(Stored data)
------------------------------
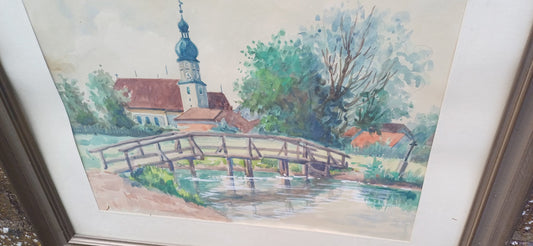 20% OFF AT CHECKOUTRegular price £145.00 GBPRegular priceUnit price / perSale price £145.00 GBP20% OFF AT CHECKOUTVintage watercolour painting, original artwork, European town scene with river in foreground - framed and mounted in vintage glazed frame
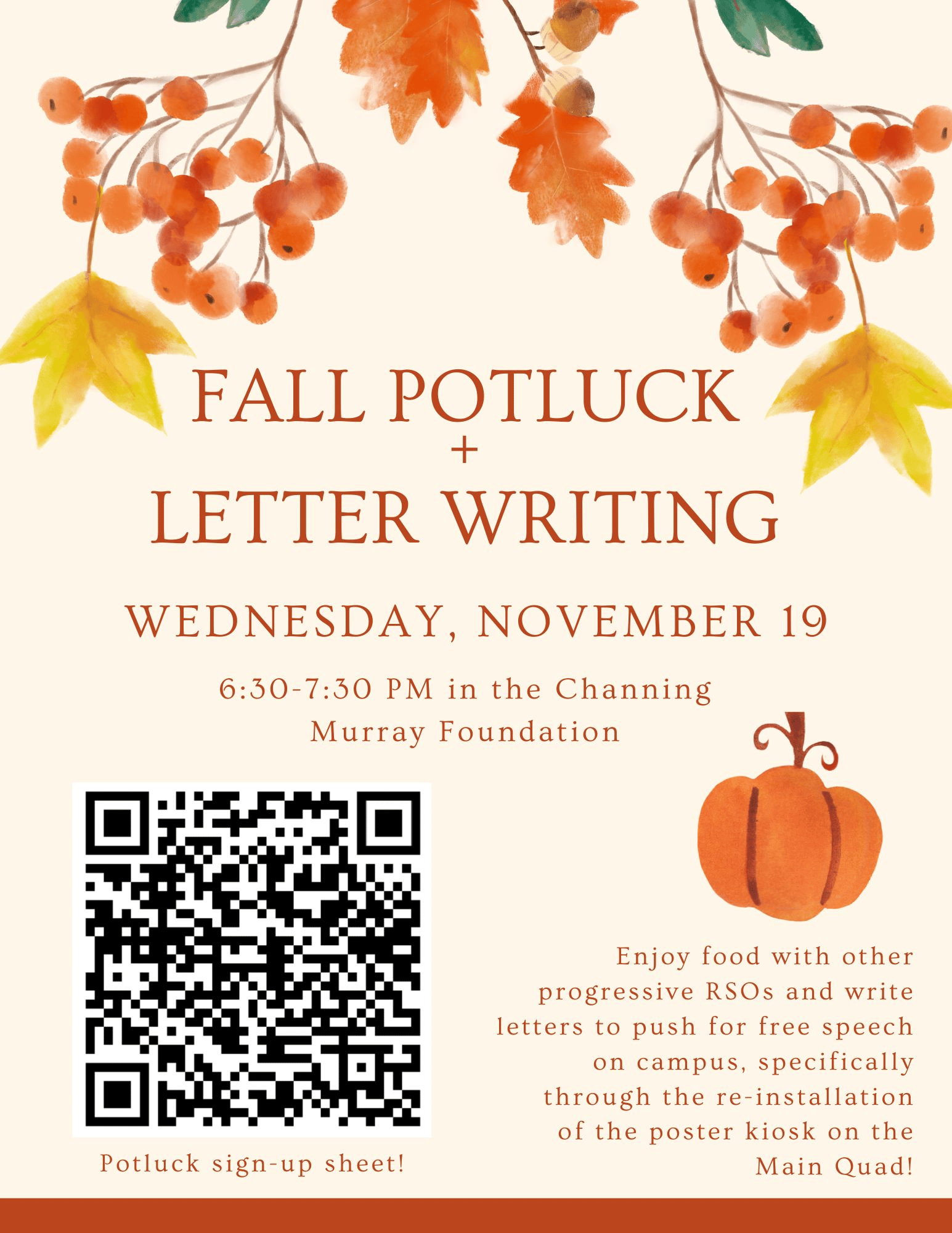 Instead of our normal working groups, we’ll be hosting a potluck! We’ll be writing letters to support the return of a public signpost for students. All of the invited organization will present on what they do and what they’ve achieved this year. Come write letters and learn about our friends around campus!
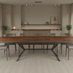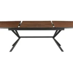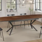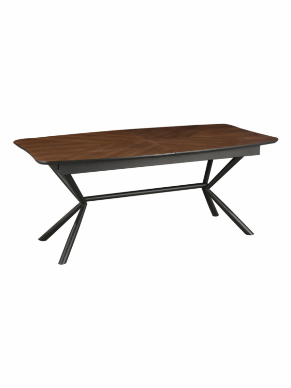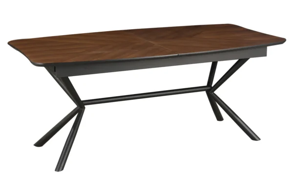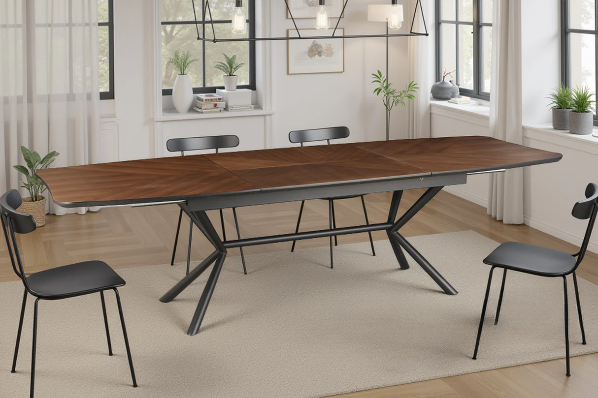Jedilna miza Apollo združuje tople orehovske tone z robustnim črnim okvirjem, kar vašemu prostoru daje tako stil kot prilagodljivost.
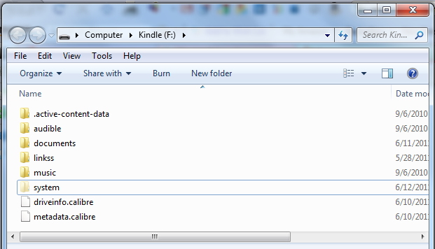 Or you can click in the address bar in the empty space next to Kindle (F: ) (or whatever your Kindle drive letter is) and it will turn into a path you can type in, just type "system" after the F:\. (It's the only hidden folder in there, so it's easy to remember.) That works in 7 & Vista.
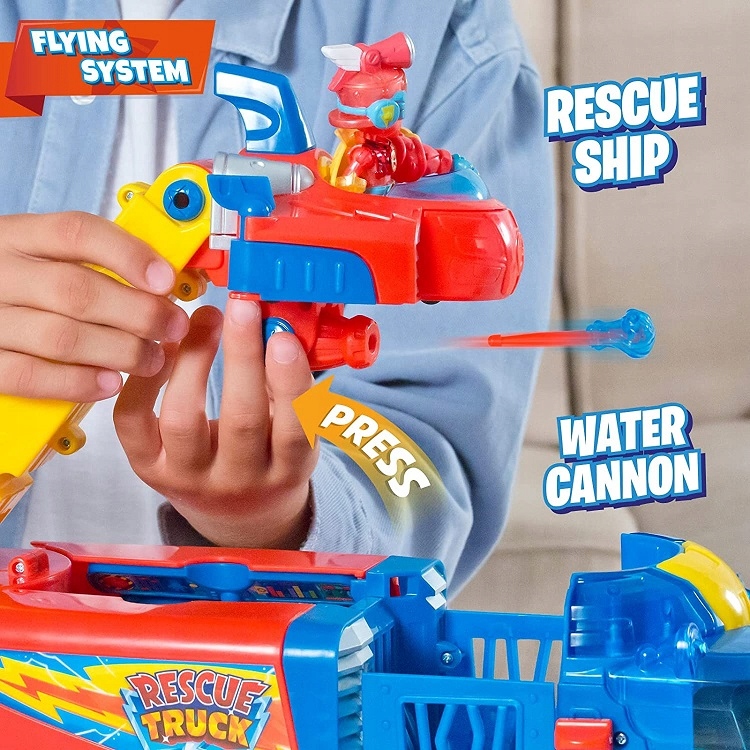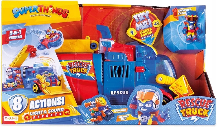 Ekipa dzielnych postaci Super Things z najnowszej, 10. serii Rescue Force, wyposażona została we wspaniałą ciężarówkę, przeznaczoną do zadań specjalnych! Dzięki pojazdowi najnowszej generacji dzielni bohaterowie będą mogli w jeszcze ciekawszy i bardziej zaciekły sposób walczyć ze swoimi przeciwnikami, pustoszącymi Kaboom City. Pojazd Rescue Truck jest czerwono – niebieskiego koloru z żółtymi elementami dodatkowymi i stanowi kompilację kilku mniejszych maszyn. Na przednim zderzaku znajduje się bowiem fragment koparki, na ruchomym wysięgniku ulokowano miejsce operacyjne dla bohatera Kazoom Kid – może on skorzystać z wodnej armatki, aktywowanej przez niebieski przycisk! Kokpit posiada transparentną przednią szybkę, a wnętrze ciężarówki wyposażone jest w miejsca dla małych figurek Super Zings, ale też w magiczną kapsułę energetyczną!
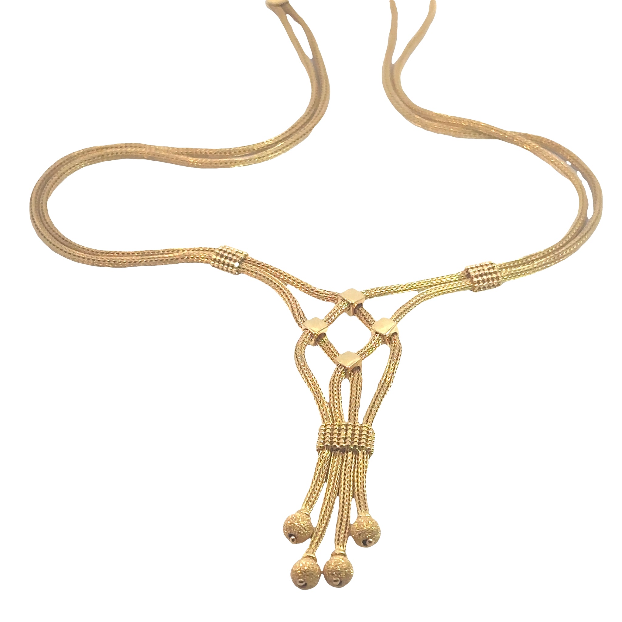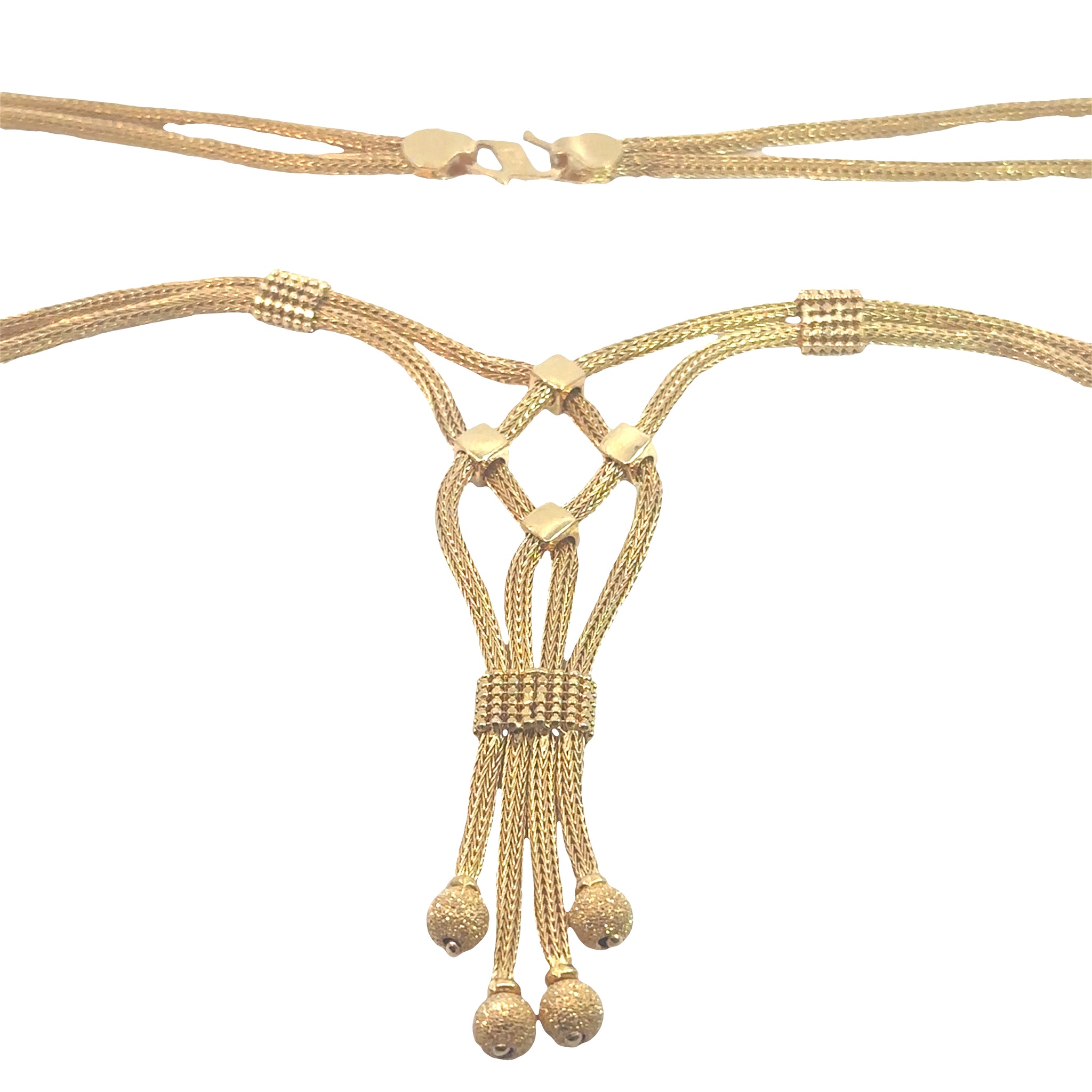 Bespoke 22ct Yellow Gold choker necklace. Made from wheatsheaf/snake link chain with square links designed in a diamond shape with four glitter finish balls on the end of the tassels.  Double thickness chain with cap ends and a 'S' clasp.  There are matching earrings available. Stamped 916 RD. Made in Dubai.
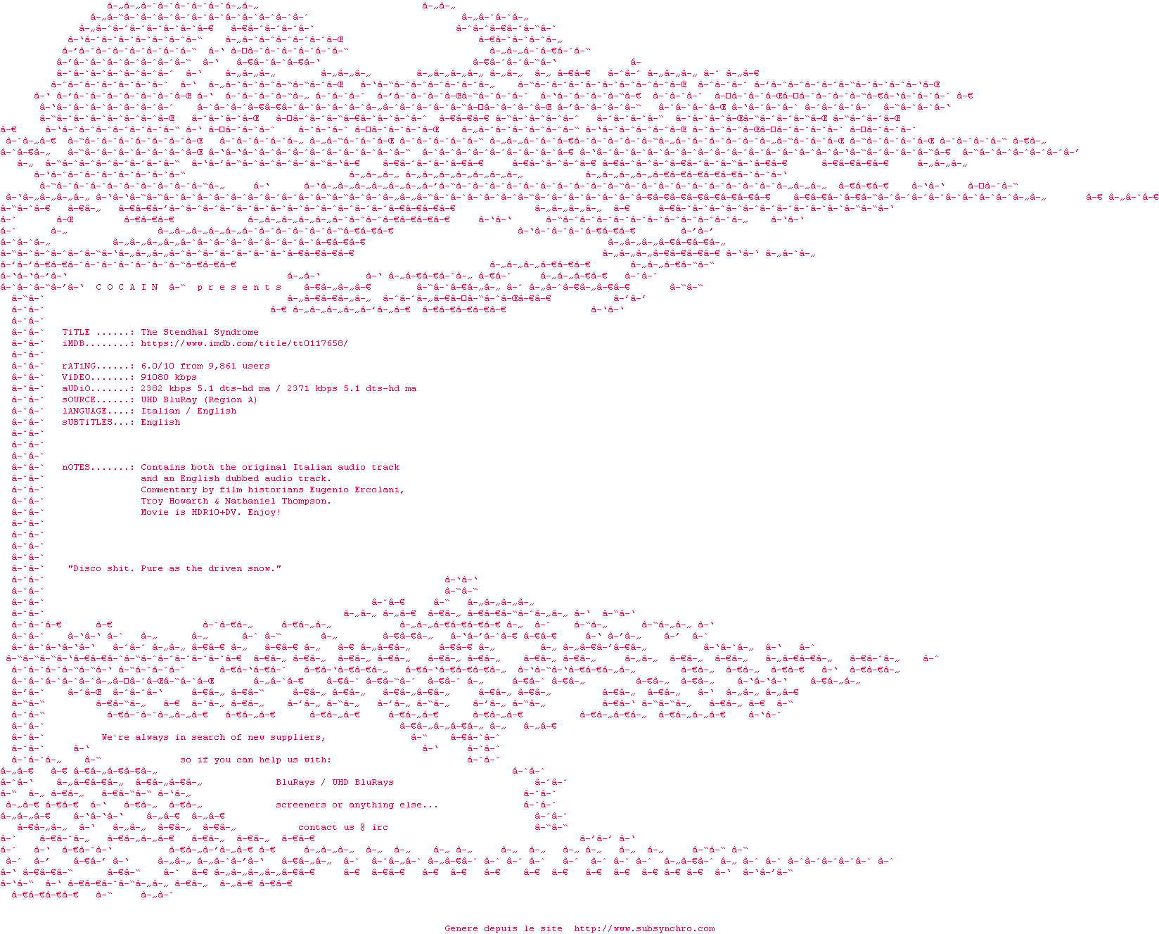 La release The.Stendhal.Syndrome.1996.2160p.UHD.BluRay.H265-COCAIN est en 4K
------------------------------
Requirement:
Would you return all of the entries unchanged while omitting the images?

Result of the task:
 20% OFF AT CHECKOUTRegular price £145.00 GBPRegular priceUnit price / perSale price £145.00 GBP20% OFF AT CHECKOUTVintage watercolour painting, original artwork, European town scene with river in foreground - framed and mounted in vintage glazed frame
 Instead of our normal working groups, we’ll be hosting a potluck! We’ll be writing letters to support the return of a public signpost for students. All of the invited organization will present on what they do and what they’ve achieved this year. Come write letters and learn about our friends around campus!
Jedilna miza Apollo združuje tople orehovske tone z robustnim črnim okvirjem, kar vašemu prostoru daje tako stil kot prilagodljivost.
 Or you can click in the address bar in the empty space next to Kindle (F: ) (or whatever your Kindle drive letter is) and it will turn into a path you can type in, just type "system" after the F:\. (It's the only hidden folder in there, so it's easy to remember.) That works in 7 & Vista.
 Ekipa dzielnych postaci Super Things z najnowszej, 10. serii Rescue Force, wyposażona została we wspaniałą ciężarówkę, przeznaczoną do zadań specjalnych! Dzięki pojazdowi najnowszej generacji dzielni bohaterowie będą mogli w jeszcze ciekawszy i bardziej zaciekły sposób walczyć ze swoimi przeciwnikami, pustoszącymi Kaboom City. Pojazd Rescue Truck jest czerwono – niebieskiego koloru z żółtymi elementami dodatkowymi i stanowi kompilację kilku mniejszych maszyn. Na przednim zderzaku znajduje się bowiem fragment koparki, na ruchomym wysięgniku ulokowano miejsce operacyjne dla bohatera Kazoom Kid – może on skorzystać z wodnej armatki, aktywowanej przez niebieski przycisk! Kokpit posiada transparentną przednią szybkę, a wnętrze ciężarówki wyposażone jest w miejsca dla małych figurek Super Zings, ale też w magiczną kapsułę energetyczną!
 Bespoke 22ct Yellow Gold choker necklace. Made from wheatsheaf/snake link chain with square links designed in a diamond shape with four glitter finish balls on the end of the tassels.  Double thickness chain with cap ends and a 'S' clasp.  There are matching earrings available. Stamped 916 RD. Made in Dubai.
 La release The.Stendhal.Syndrome.1996.2160p.UHD.BluRay.H265-COCAIN est en 4K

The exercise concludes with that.